News Jazz 13/07/2017

Introducing Anastasia Minster

Introducing Anastasia Minster

New York, NY (Top40 Charts) Sometimes it's only when you look back that you're truly able to see. Such is the case with Moscow-born artist Anastasia Minster. Having captivated audiences for several years, Anastasia left her homeland for Toronto in 2014 and it's now apparent just how deeply Russia has seeped into her soul. It can be seen in her dark and existential lyrics (think Dostoevsky) and heard in the Rachmaninoff-like intensity that pours out of her own music - piano-driven chamber pop which fuses elements of classical, folk and jazz.

Just as Anastasia's past shapes her sound, so does her new home in Canada. Living in a building overlooking a colossal park, her piano sits beside the window so that she can watch the sunset. It's where she observes hawks as they soar, listens to coyotes howl and wakes up to the dawn chorus at 5 am. This is her favourite time of day, when there are no other sounds to hide their singing.

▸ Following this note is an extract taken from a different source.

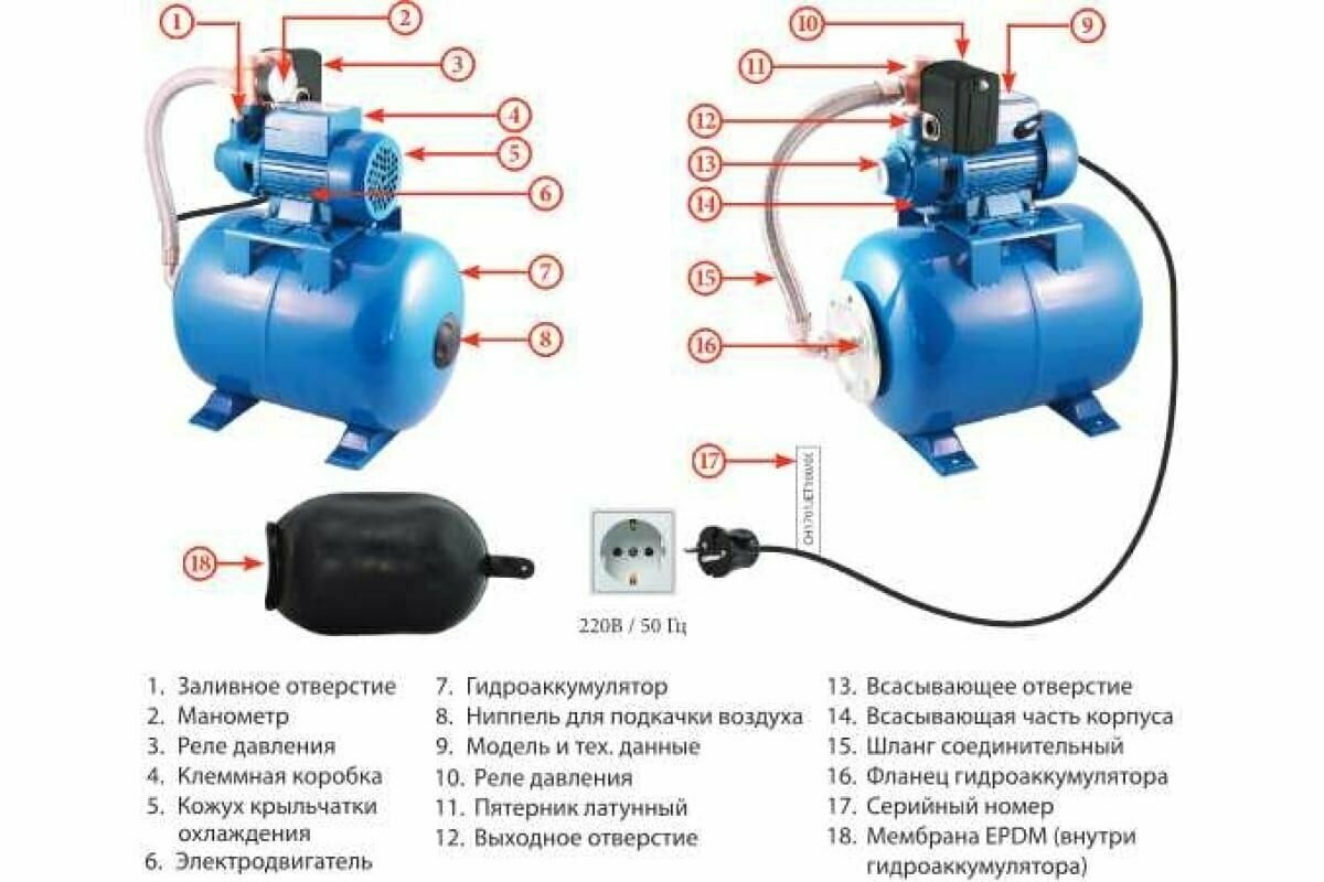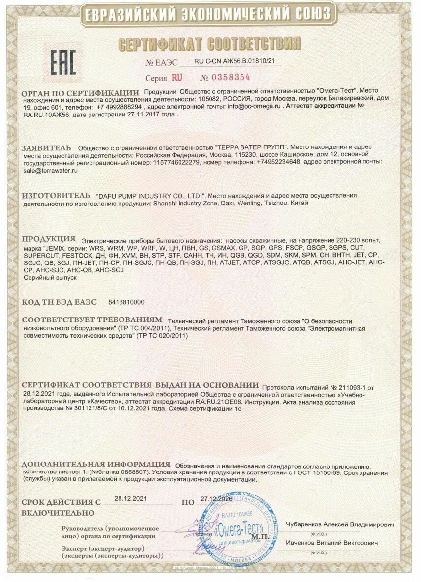 Impeller material - brass, body material - cast iron / aluminium; maximum productivity 33 l/min

As the birds welcome the day, Anastasia's is music to break the silence of the dark and to accompany those witching-hour questions of life and death, estrangement and connection. It should come as no surprise that composing is her form of meditation, a vessel for her unconscious mind.

Once the skeleton of a song is there it's up to her band members to add their parts. Their task is to add to the voice and piano that she has left for them, without breaking the fragile space that has been created. It's all there to be heard on her new album Hour of the Wolf, the most expansive recording of her career to date, on which she has invited upright bass, cello, saxophone, bass clarinet and more to enter her world.

At the centre of the new album is the title track. Inspired by Ingmar Bergman's film of the same name and Carl Jung's concept of "shadow self", it looks at the destructive forces within the human psyche. Each song on the record represents a different state of mind, from feeling trapped in one's own body to accepting the inevitability of death. Listeners will hear a dark mellowness close to Nina Simone's and the supple dexterity of David Sylvian. Whatever its origins, this is music that echoes life itself - no matter how far the darkness creeps there's always a flicker of light.